Input records: Begin
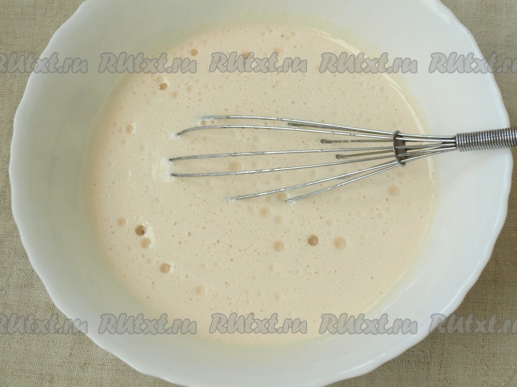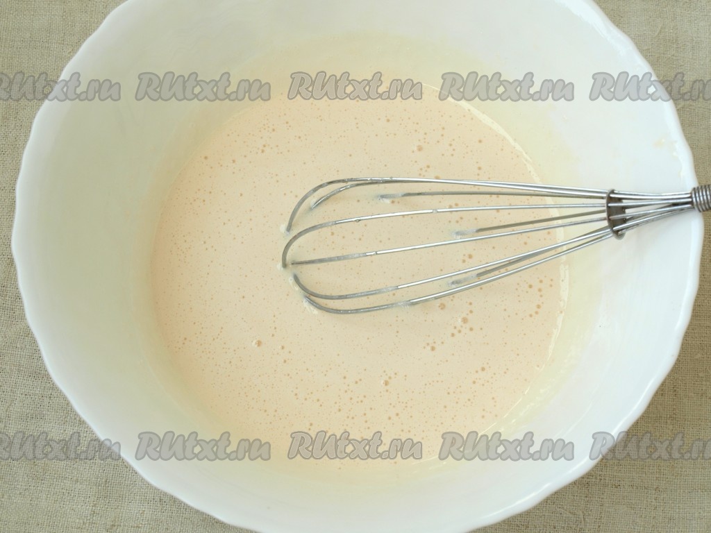 Яйца взбить с сахаром при помощи венчика до побеления массы.
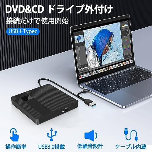 【Silent Design & Easy to Carry】 Designed with minimal operation noise, this dvd player can be used comfortably in quiet environments without worrying about the surroundings such as late night work or library. This DVD drive provides a comfortable working environment without annoying noise. In addition, its simple and intuitive operation and design is designed to be used for a wide range of ages. The external dry is compact so you can easily carry it anywhere. The dvd player is very thin and can be stored neatly in a bag or drawer when not in use
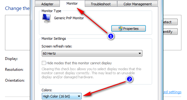 Bước 3: Tại tab Monitor chọn chế độ 16 bit màu.
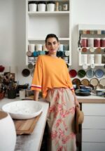 Een 5‑pocket rok in soepele stretchgabardine die meteen tempo maakt. De asymmetrische tailleknoop geeft een speelse draai, de verborgen voorsplit houdt het vlot en vrouwelijk. Sporty chic met een luxueus gemak: een rok die met je meebeweegt en elke look een frisse schwung geeft.
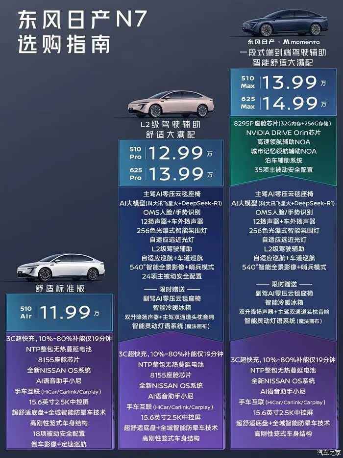 因为是天籁车主嘛,所以对东风日产各种新车动态还是非常关注的,那N7这台车呢是去年底在广州车展第一次亮相的,说实话这个外观你如果把车标遮起来,你怎么都猜不出这是东风日产的车,它真的变了,一点油味都没有。当时官方宣传的售价应该在20万左右,定位中高级纯电轿车。那这20万肯定是超出了我的购车预算的,不管你配置说的有多花里胡哨,什么ai零压云毯座椅,moment的辅助驾驶,带压缩机的冰箱,防晕车技术等等,你要卖20万,我是一点想法都不敢有啊…
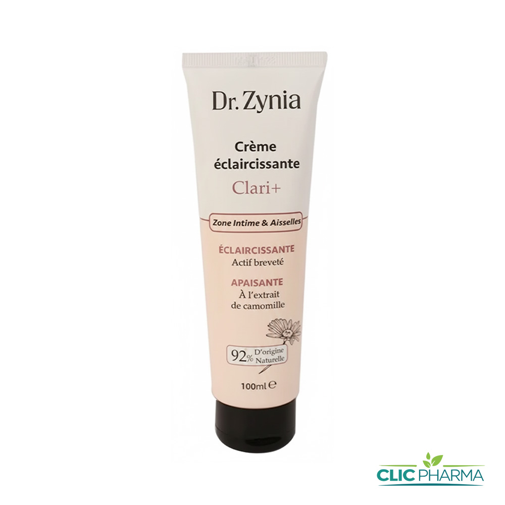 Découvrez la Crème Éclaircissante Dr. Zynia Clari+, un soin ciblé pour éclaircir les zones intimes et les aisselles, unifier le teint et apaiser la peau grâce à sa formule douce à 92 % d’origine naturelle.
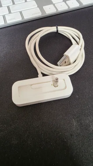 Base de carga para iPod Shuffle de 2ª generación de Apple. Está en buen estado y lista para usar. La segunda foto es para que se vea el modelo al que corresponde. Repito..Solo se vende la base de carga (Foto principal) - Incluye cable USB. - Diseño compacto y elegante.
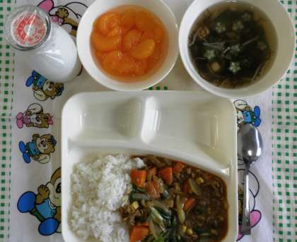 和風カレー丼、もずくとオクラのとろり汁、みかん(缶)、牛乳
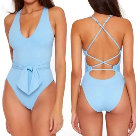 Becca by Rebecca Virtue Color Code Blue Kali Belted One Piece Swimsuit size L
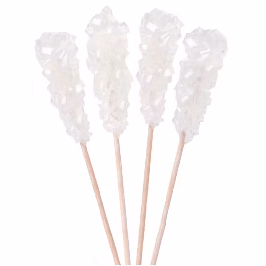 12 st vita kandisocker (bröstsocker) på pinne, paketerad i cellofan. Använd till att söta te, kaffe, irish coffee eller ät som sockerklubba.
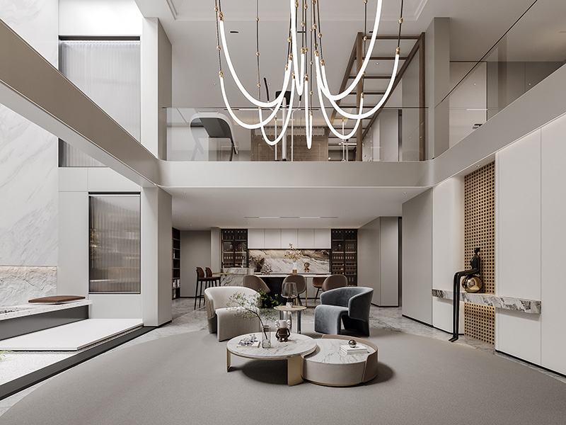 本案是别墅户型,基于当下的审美和技艺,巧用空间布局、色彩搭配和材质差异等,呈现时尚轻奢的现代舒适家居。
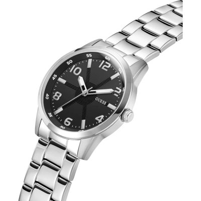 Dit Guess horloge heeft een kast gemaakt van Staal zilver met een diameter van 42 mm en is voorzien van een Staal zilver band.
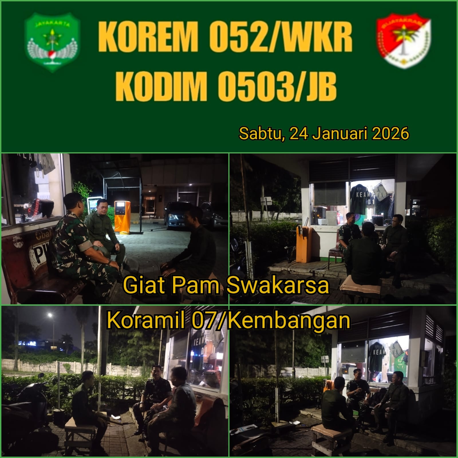 DetikSR.id Kodam Jaya Jakarta – Ciptakan kondusifitas wilayah, Babinsa Kel. Meruya Utara Peltu Arief W melaksanakan Siskamling /Pam Swakarsa dan Sambang dialogis dengan wanra yang sedang jaga malam ini di Rukan Pos Wanra blok D1 Jl. Aries niaga RT. 04/06 Kel. Meruya Utara Kec Kembangan Jakarta Barat. Sabtu malam 24 Januari 2026
Input records: End
#### Task item
Transcribe the entries above verbatim, omitting their pictures.

#### Expected output
 Яйца взбить с сахаром при помощи венчика до побеления массы.
 【Silent Design & Easy to Carry】 Designed with minimal operation noise, this dvd player can be used comfortably in quiet environments without worrying about the surroundings such as late night work or library. This DVD drive provides a comfortable working environment without annoying noise. In addition, its simple and intuitive operation and design is designed to be used for a wide range of ages. The external dry is compact so you can easily carry it anywhere. The dvd player is very thin and can be stored neatly in a bag or drawer when not in use
 Bước 3: Tại tab Monitor chọn chế độ 16 bit màu.
 Een 5‑pocket rok in soepele stretchgabardine die meteen tempo maakt. De asymmetrische tailleknoop geeft een speelse draai, de verborgen voorsplit houdt het vlot en vrouwelijk. Sporty chic met een luxueus gemak: een rok die met je meebeweegt en elke look een frisse schwung geeft.
 因为是天籁车主嘛,所以对东风日产各种新车动态还是非常关注的,那N7这台车呢是去年底在广州车展第一次亮相的,说实话这个外观你如果把车标遮起来,你怎么都猜不出这是东风日产的车,它真的变了,一点油味都没有。当时官方宣传的售价应该在20万左右,定位中高级纯电轿车。那这20万肯定是超出了我的购车预算的,不管你配置说的有多花里胡哨,什么ai零压云毯座椅,moment的辅助驾驶,带压缩机的冰箱,防晕车技术等等,你要卖20万,我是一点想法都不敢有啊…
 Découvrez la Crème Éclaircissante Dr. Zynia Clari+, un soin ciblé pour éclaircir les zones intimes et les aisselles, unifier le teint et apaiser la peau grâce à sa formule douce à 92 % d’origine naturelle.
 Base de carga para iPod Shuffle de 2ª generación de Apple. Está en buen estado y lista para usar. La segunda foto es para que se vea el modelo al que corresponde. Repito..Solo se vende la base de carga (Foto principal) - Incluye cable USB. - Diseño compacto y elegante.
 和風カレー丼、もずくとオクラのとろり汁、みかん(缶)、牛乳
 Becca by Rebecca Virtue Color Code Blue Kali Belted One Piece Swimsuit size L
 12 st vita kandisocker (bröstsocker) på pinne, paketerad i cellofan. Använd till att söta te, kaffe, irish coffee eller ät som sockerklubba.
 本案是别墅户型,基于当下的审美和技艺,巧用空间布局、色彩搭配和材质差异等,呈现时尚轻奢的现代舒适家居。
 Dit Guess horloge heeft een kast gemaakt van Staal zilver met een diameter van 42 mm en is voorzien van een Staal zilver band.
 DetikSR.id Kodam Jaya Jakarta – Ciptakan kondusifitas wilayah, Babinsa Kel. Meruya Utara Peltu Arief W melaksanakan Siskamling /Pam Swakarsa dan Sambang dialogis dengan wanra yang sedang jaga malam ini di Rukan Pos Wanra blok D1 Jl. Aries niaga RT. 04/06 Kel. Meruya Utara Kec Kembangan Jakarta Barat. Sabtu malam 24 Januari 2026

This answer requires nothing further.